** Material for this task **
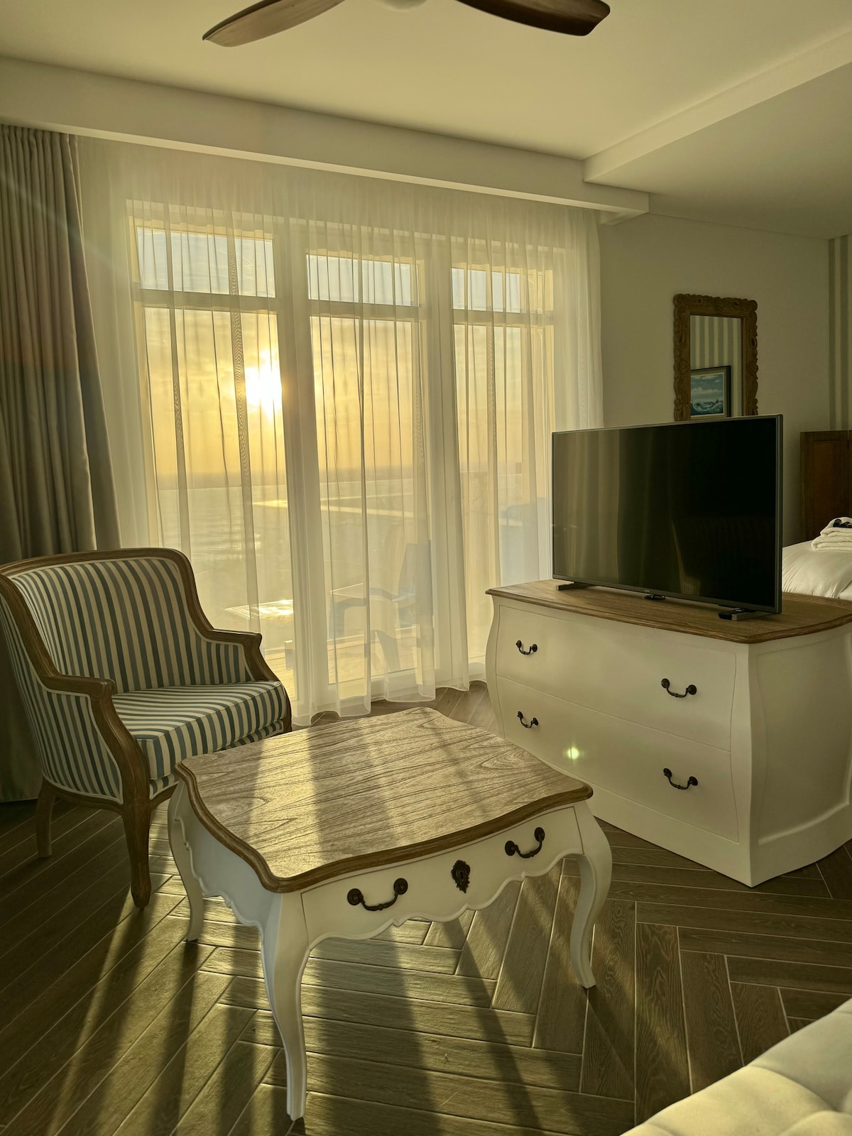 Moderně zařízený apartmán se zahradou a výhledem na rozvíjející se oblast v resortu Ocean View Apartments, který nabízí společné prostory jako recepci, lobby, bazén, fitness, gril, a parkování. Samotný apartmán je plně vybavený, včetně moderní kuchyňské linky s elektrickými spotřebiči, jako je indukční varná deska, kávovar, lednice, a nádobí. Pro vaše pohodlí a komfort je k dispozici vybavení, jako je chytrá TV s Wi-Fi, klimatizace, bezpečnostní systém a trezor.
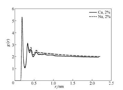图10中曲线分别代表在2%NaCl溶液、2%CaCl2溶液中磺酸基中的氧原子与水中氢原子之间的径向分布函数,如图所示两条曲线的峰值并未有太大差别,这说明OPES对Na+、Ca2+都有很好的抗盐性。
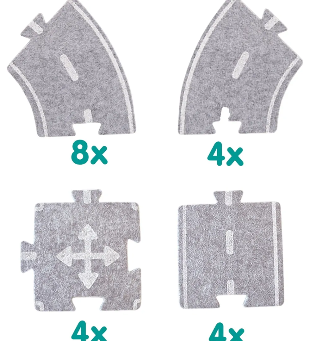 Sættet giver mulighed for kreativ leg med bløde filt vejbanestykker.
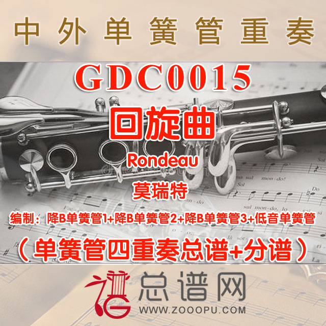 GDC0015.回旋曲Rondeau 莫瑞特 单簧管四重奏总谱+分谱
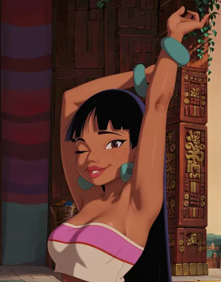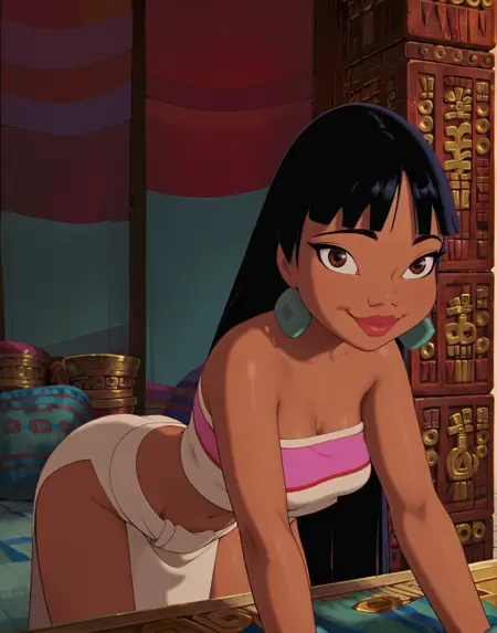 trtelche, black hair, bangs, long hair, dark-skinned female, midriff, tube top,

** Exercise **
Copy the whole listing exactly, excluding the pictures in it.

** Answer box **
 Moderně zařízený apartmán se zahradou a výhledem na rozvíjející se oblast v resortu Ocean View Apartments, který nabízí společné prostory jako recepci, lobby, bazén, fitness, gril, a parkování. Samotný apartmán je plně vybavený, včetně moderní kuchyňské linky s elektrickými spotřebiči, jako je indukční varná deska, kávovar, lednice, a nádobí. Pro vaše pohodlí a komfort je k dispozici vybavení, jako je chytrá TV s Wi-Fi, klimatizace, bezpečnostní systém a trezor.
图10中曲线分别代表在2%NaCl溶液、2%CaCl2溶液中磺酸基中的氧原子与水中氢原子之间的径向分布函数,如图所示两条曲线的峰值并未有太大差别,这说明OPES对Na+、Ca2+都有很好的抗盐性。
 Sættet giver mulighed for kreativ leg med bløde filt vejbanestykker.
 GDC0015.回旋曲Rondeau 莫瑞特 单簧管四重奏总谱+分谱
 trtelche, black hair, bangs, long hair, dark-skinned female, midriff, tube top,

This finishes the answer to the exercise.